=== Data segment ===
════
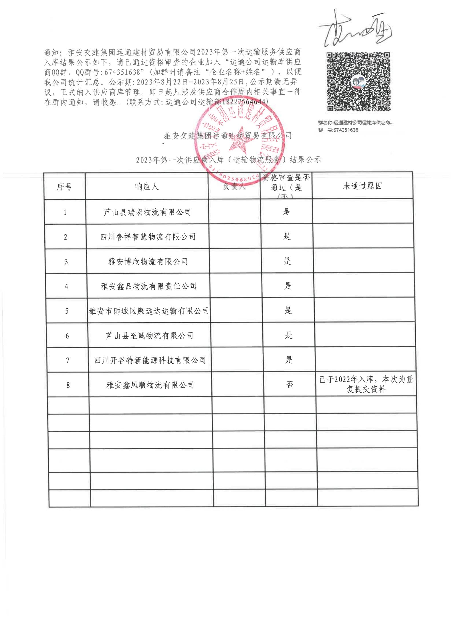 雅安交建集團運通建材貿易有限公司2023年第一次供應商入庫(運輸物流服務)結果公示
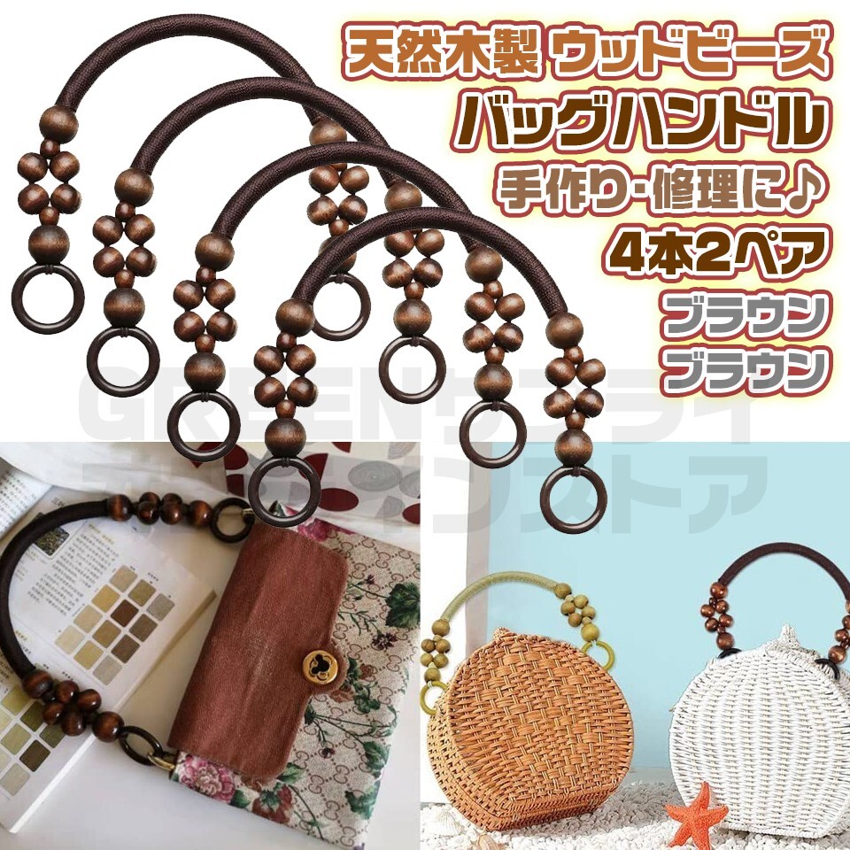 - 持ち手 木製 ウッドビーズ 茶×茶色 4個 2ペア バッグハンドル 交換用
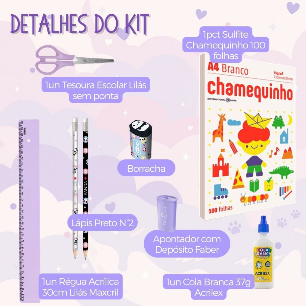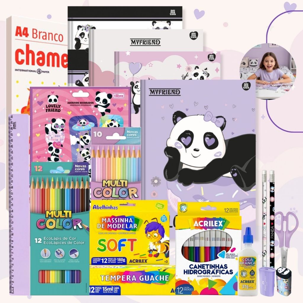 Kit Material Escolar Volta As Aulas 71itens Ursinho Panda Ensino Fundamenta Infantil Faber Acrilex
════
=== Requirement ===
Retype, word for word, only the line holding "- 持ち手 木製 ウッドビーズ 茶×茶色 4個 2ペア バッグハンドル 交換用" and the lines after it through the final line of the listing above, and leave every picture out.

=== Written solution ===
 - 持ち手 木製 ウッドビーズ 茶×茶色 4個 2ペア バッグハンドル 交換用
 Kit Material Escolar Volta As Aulas 71itens Ursinho Panda Ensino Fundamenta Infantil Faber Acrilex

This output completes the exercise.